Immunoglobulin G4-related disease (IgG4-RD) is a chronic immune-mediated disease that can present with tumefactive lesions, fibrosis, and polyclonal IgG4-positive plasma cell infiltrate in nearly any anatomic site. It can manifest as lymphadenopathy, eosinophilia, and polyclonal hypergammaglobulinemia, and often mimics other hematologic conditions. However, the lack of a relationship between IgG4-related kidney disease and monoclonal gammopathy of renal significance (MGRS) warrants further investigation.

Case Description

56-year-old male with spastic paraparesis secondary to cervical myelopathy due to severe cervical stenosis (C4-C5) with a history of chronic longstanding nasal congestion and obstruction. Started to have hyporexia, anosmia, weight loss, fatigue, rash and xerostomia for approximately 4 months. Accompanied by renal failure which was first detected 2 months prior to the onset of his symptoms. Urinalysis was negative and on microscopy had a bland appearance, ultrasound of the kidneys showed a mild bilateral increase in size.

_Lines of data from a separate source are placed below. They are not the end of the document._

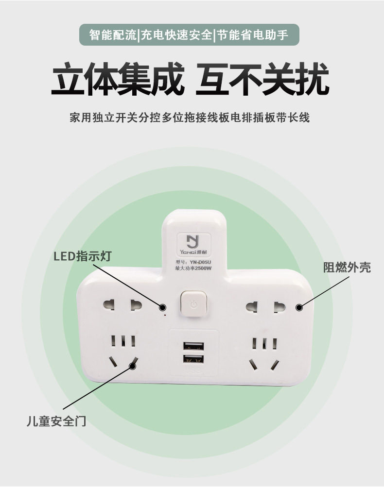 LA005可发样/雅耐插座转换器大功率usb一转多无线家用办公转换插排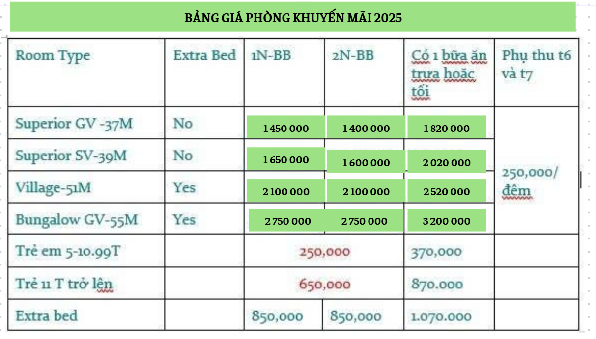 * Từ 11 tuổi trở lên được tính như người lớn => phụ thu 1.400.000 (không bao gồm giường)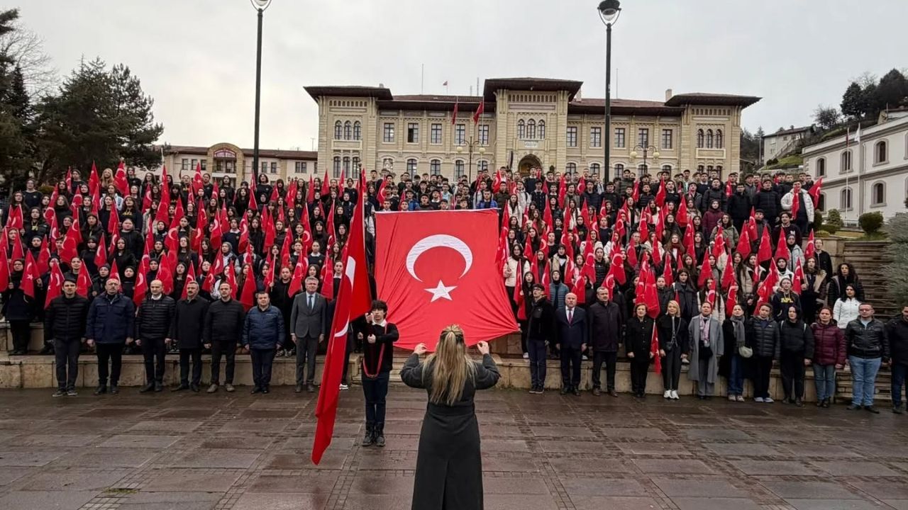 Öğrenciler ve öğretmenler, okul bahçelerinde gerçekleştirilen programlarda Türk bayrağını göndere çekerek İstiklâl Marşı’nı hep bir ağızdan okudu.

Further workup was relevant for Serum Free Kappa light Chains ratio of 9.7. Serum immunofixation was positive for IgG monoclonal protein with kappa light chain. Due to concern for myelodysplastic disorder, the patient underwent bone marrow biopsy which showed plasma cells that comprised 8-10 % of the nucleated hematopoietic bone marrow well-differentiated cells. There was no detectable clonal plasma cell population on flow cytometry prompting a diagnosis of MGUS for which he underwent kidney biopsy that revealed acute on chronic interstitial nephritis with many IgG4-positive plasma cells, suspicious for IgG4-RD. Currently receiving treatment with Rituximab and renal function has remained stable.

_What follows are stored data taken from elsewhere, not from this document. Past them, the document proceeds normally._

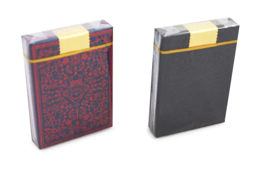 The deck blends together iconic imagery and organic elements. The unique design of the tuck cases has hidden bananas and monkeys throughout. Both the black-on-black and red-on-black editions feature intricate foil etchings on the surface.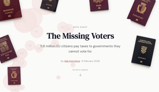 Beep@lemmus.org to Europe@feddit.orgEnglish · 2 months agoThe Missing Voters: 11.8 million EU citizens pay taxes to governments they cannot vote for.homolova.skexternal-linkmessage-square20fedilinkarrow-up156arrow-down13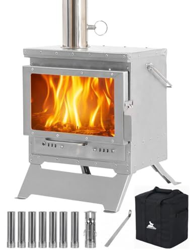 薪ストーブ 【二次燃焼】焚火 耐熱ガラス窓 ステンレス製 組立簡単 スパークアレスター 収納バッグ付p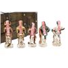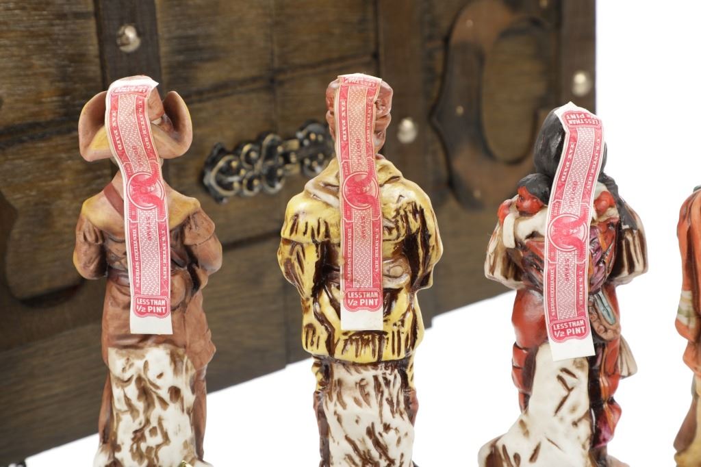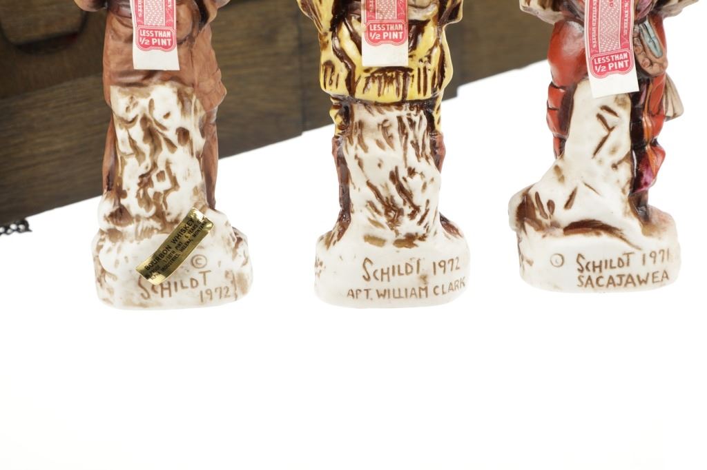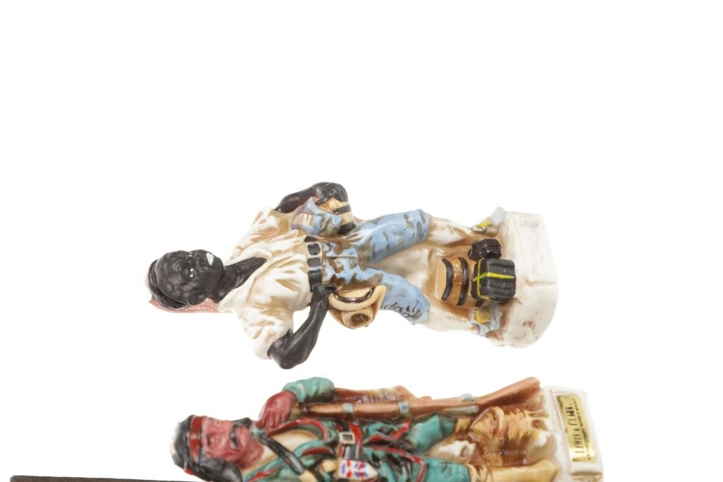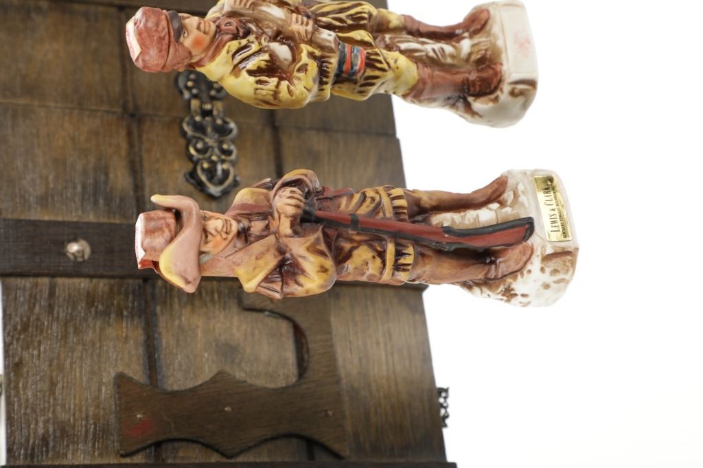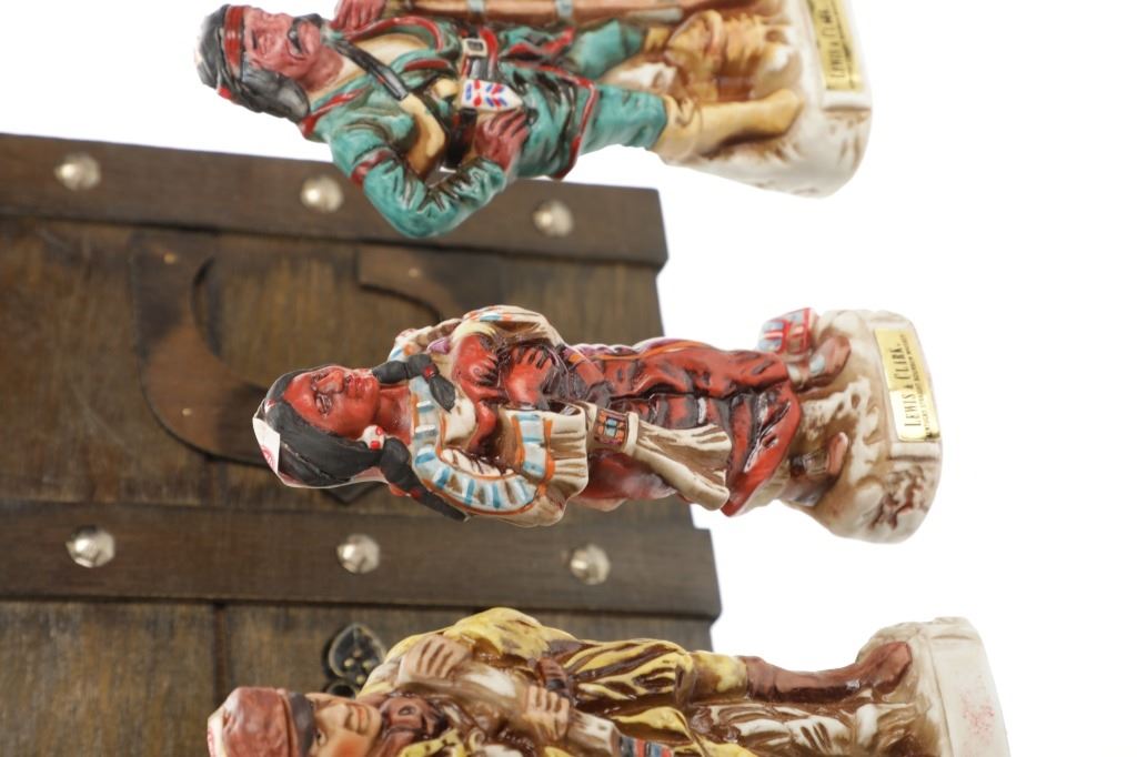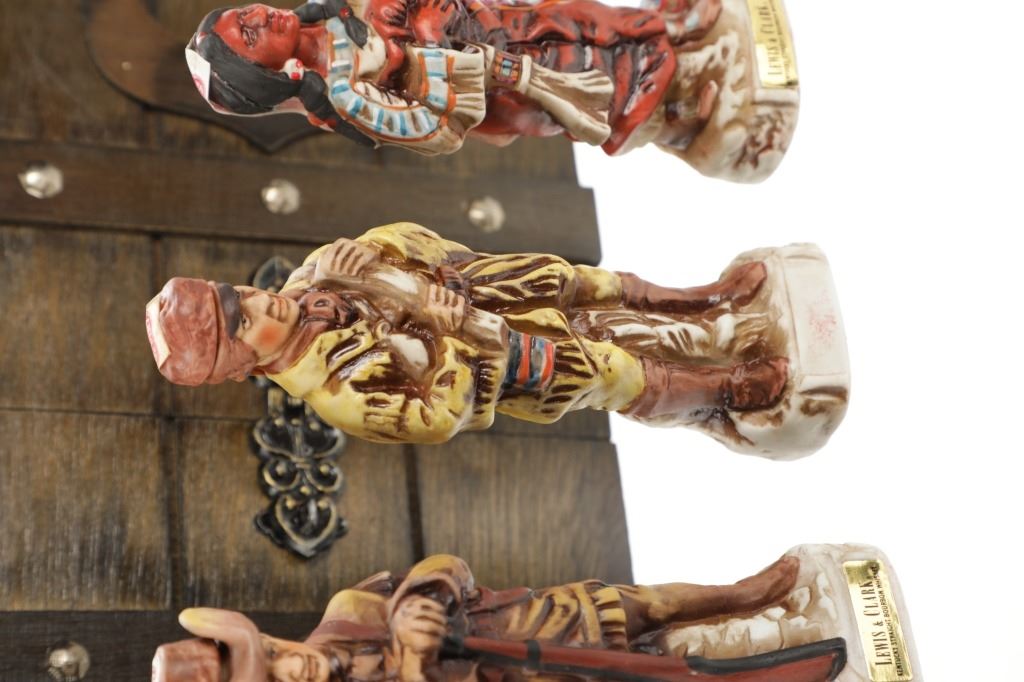 This lot features 5 porcelain decanters depicting notable members of the Lewis & Clark exploration: Captain Meriweather Lewis, Second Lieutenant William Clark, Toussaint Charbonneau and his Shoshone wife, Sacagawea, and an enslaved African American, York. The bottom of each figure reads "Designed exclusively by Gary Schildt for Lewis-Clark Exploration Commemorative Series 1972 Alpha Industries Inc. Genuine Royal Crown Porcelain".

This patient presented with xerostomia, constitutional symptoms, and development of renal failure, workup was diagnostic of MGUS. However, a kidney biopsy was performed and showed acute on chronic interstitial nephritis with IgG4-positive plasma cells, which leads to a diagnosis of IgG4-RD. An increased free light chain concentration has been reported in a variety of inflammatory and autoimmune diseases and reflects the polyclonal B lymphocyte activation in these pathologies. This presentation is fairly uncommon and the intention of this abstract is to make physicians aware of this for the future and warrant further investigation.